What would have happened if, after the defeat of the Nazis and amid the imperialistic spasms of the Soviets who had swallowed half of central Europe and were about to control Greece, the United States had sat on its hands? What would have happened if, confronted with that madness of worldwide conquest that affected the communists for decades, until the USSR sank as a consequence of the absolute inefficiency of collectivism and the abuses of Party oligarchs, the United States had not developed a defensive strategy of containment, with alliances such as NATO and massive programs of foreign aid such as the Marshall Plan?

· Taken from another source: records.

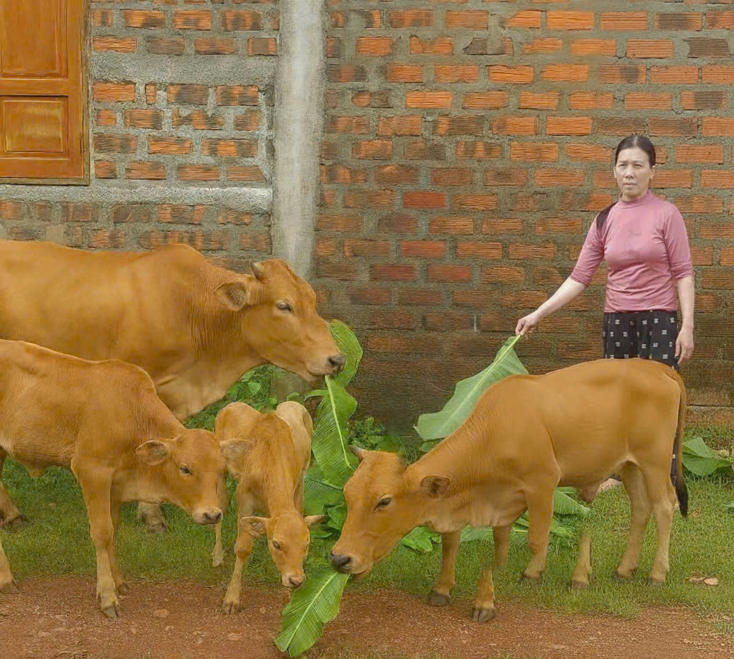 Sau những thành công bước đầu, Chị Thoa mạnh dạn vay thêm từ Quỹ với các món vay lớn hơn để mở rộng quy mô sản xuất. Chị xây thêm chuồng trại, nuôi bò, đào ao thả cá, hình thành mô hình chăn nuôi tổng hợp đa dạng. Từ chỗ chỉ là thử nghiệm nhỏ bé, trang trại của Chị dần trở thành hình mẫu kinh tế tiêu biểu cho cả xã noi theo.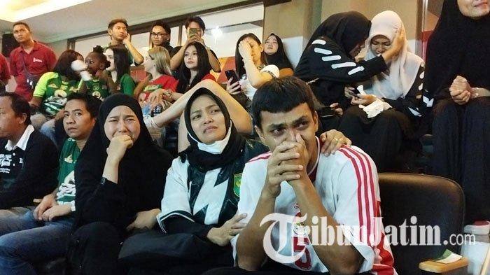 Rachmat Irianto tak kuasa menahan tangis saat saksikan vide Tribute to Almarhum Bejo Sugiantoro di GBT, jelang laga Persebaya vs Persib Bandung.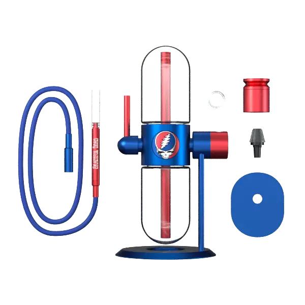 Grateful Dead x Stündenglass Gravity Infuser je navržen pro funkční všestrannost a představuje kompletní sadu, která obsahuje hliníkovou sadu misky na vodní dýmku a skleněnou vložku, ale lze ji také připojit k jakémukoli kuřáckému nebo vaporizačnímu zařízení se 14mm samcem. Součástí balení je třímetrová silikonová hadička, kterou lze připojit pro přímé potahování, ačkoli stálý proud kouře přes 45° nastavitelný náustek poskytuje možnost zcela bezkontaktní konzumace.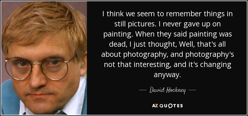 "I think probably something big can be done with cameras, I'm not saying, er, I'm saying chemical photography's finished, that means you can't have a Cartier Bresson again, you need never believe pictures."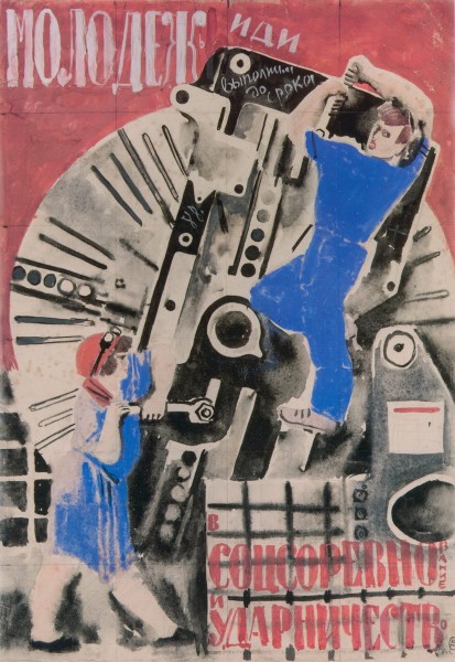 Эскиз плаката «Молодежь иди в соцсоревнование и ударничество»

It is true that Washington committed numerous mistakes and some excesses in the practice of its leadership, but was any other nation willing to pay the steep price of facing off Moscow and Beijing? Even after the USSR had disappeared and without the danger of a counterattack, when the former Yugoslavia broke apart as the result of several civil wars and plunged into a terrible blood bath, to whom did Europe turn in search of guidance and support to put down the Serbs and bring an end to a horrific slaughter -- aseptically called “ethnic cleansing” -- that was taking place in its own back yard? It quickly called its American friend.

In 1992, during a trip I made to Hungary, a young and brilliant politician who later became Prime Minister, Viktor Orban, recalling the days of the resistance against communism, summarized the situation for me with an emphatic statement: “Without the Americans, our slavery might have never ended.” Most likely. That is why in those places, the people applaud Bush and are not anti-American.